START Data for review

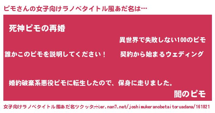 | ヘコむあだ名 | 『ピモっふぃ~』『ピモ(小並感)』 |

END Data for review
START Data for review

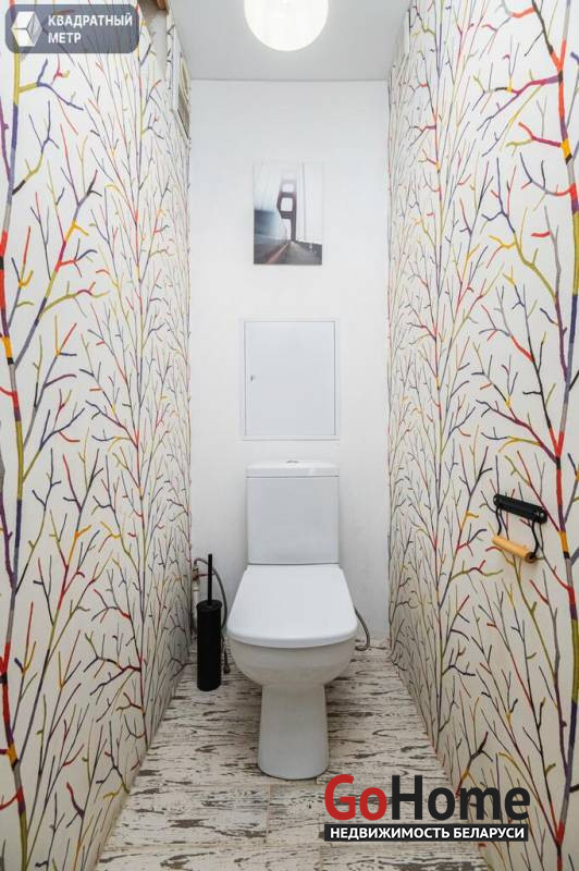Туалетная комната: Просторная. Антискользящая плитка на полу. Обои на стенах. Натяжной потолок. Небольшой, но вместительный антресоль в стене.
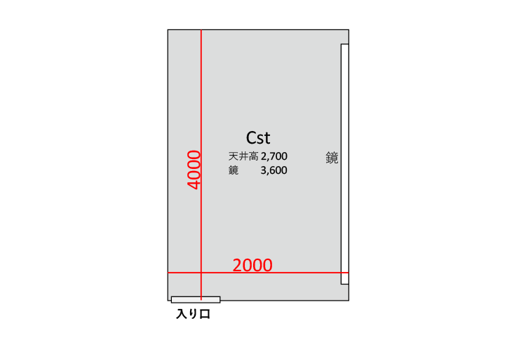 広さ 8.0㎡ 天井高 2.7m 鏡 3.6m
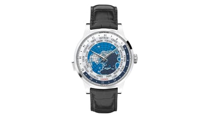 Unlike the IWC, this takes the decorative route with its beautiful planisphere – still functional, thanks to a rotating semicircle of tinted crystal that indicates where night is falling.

END Data for review
START Data for review

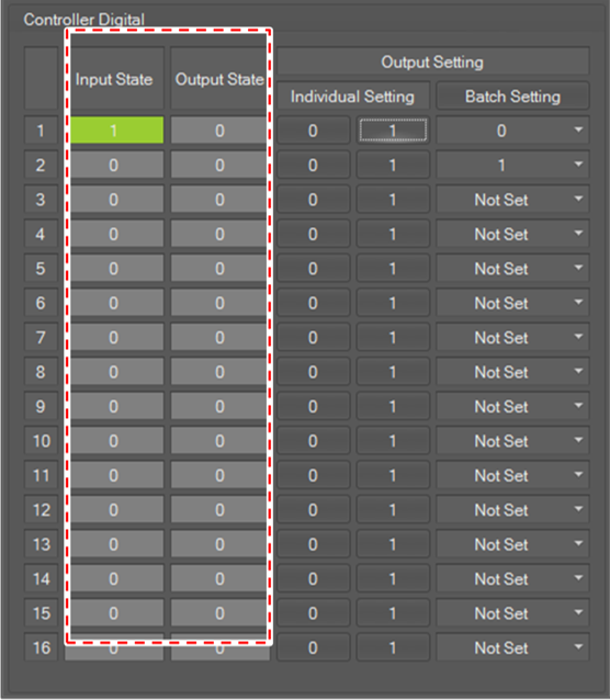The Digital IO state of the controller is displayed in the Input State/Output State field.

END Data for review

### Task instructions
Only one stretch of the data is wanted: write out exactly the lines from the one holding "Туалетная комната: Просторная." through the one holding "Unlike the IWC, this", both included, without the pictures.

### Exercise result
Туалетная комната: Просторная. Антискользящая плитка на полу. Обои на стенах. Натяжной потолок. Небольшой, но вместительный антресоль в стене.
 広さ 8.0㎡ 天井高 2.7m 鏡 3.6m
 Unlike the IWC, this takes the decorative route with its beautiful planisphere – still functional, thanks to a rotating semicircle of tinted crystal that indicates where night is falling.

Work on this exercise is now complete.